Personal information
- Full name: Frederick Osborn
- Born: 10 November 1889 Leicester, Leicestershire, England
- Died: 11 October 1954 (aged 64) North Evington, Leicestershire, England
- Batting: Unknown

Domestic team information
- 1911–1913: Leicestershire

Career statistics
| Competition | First-class |
| Matches | 2 |
| Runs scored | 14 |
| Batting average | 4.66 |
| 100s/50s | –/– |
| Top score | 14 |
| Balls bowled | – |
| Wickets | – |
| Bowling average | – |
| 5 wickets in innings | – |
| 10 wickets in match | – |
| Best bowling | – |
| Catches/stumpings | 2/– |
- Source: Cricinfo, 1 March 2012

= Frederick Osborn (sportsman) =

English cricketer and footballer

Frederick Osborn (10 November 1889 – 11 October 1954) was an English cricketer and footballer.

==Cricket==
Osborn made two first-class appearances for Leicestershire. His first appearance came against Derbyshire in the 1911 County Championship at Aylestone Road, Leicester, while his second came against Lancashire in the 1913 County Championship at Old Trafford. Against Derbyshire, he made scores of 14 in Leicestershire's first-innings, during which he was dismissed by Arnold Warren, while in their second-innings he wasn't required to bat. Against Lancashire, Osborn was dismissed for a duck by Bill Huddleston in Leicestershire's first-innings, while in their second-innings he was dismissed for the same score by Ralph Whitehead.

==Football==

Osborn played as a forward in the Football League for Leicester Fosse and Preston North End.
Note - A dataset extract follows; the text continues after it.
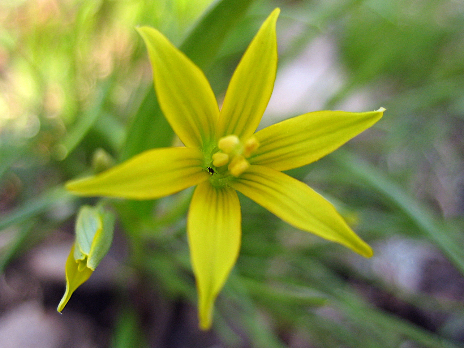 Gagea minima, photographed by myself on May 5, 2006.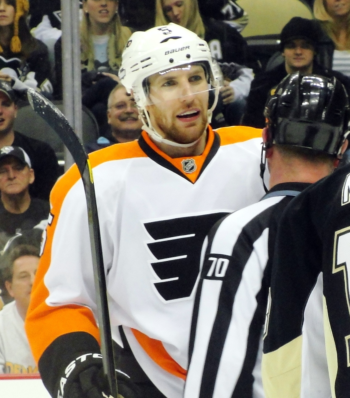 Philadelphia Flyers defenseman Braydon Coburn skates against the Pittsburgh Penguins, Decmeber 29, 2011 at Consol Energy Center in Pittsburgh, PA.

After being switched from inside forward to centre forward, Osborn was top scorer for Preston in 1913–14 with 26 goals, although the club was still relegated and again the following season with 17 goals as they won promotion back to the First Division, before league football was interrupted by the First World War.

Wounded during the war, Osborn was unable to regain a regular place in the Preston team when the league resumed in 1919, appearing only seven more times for the club.

== Personal life ==
Osborn served in the Royal Field Artillery during the First World War and was wounded by a bullet in the thigh.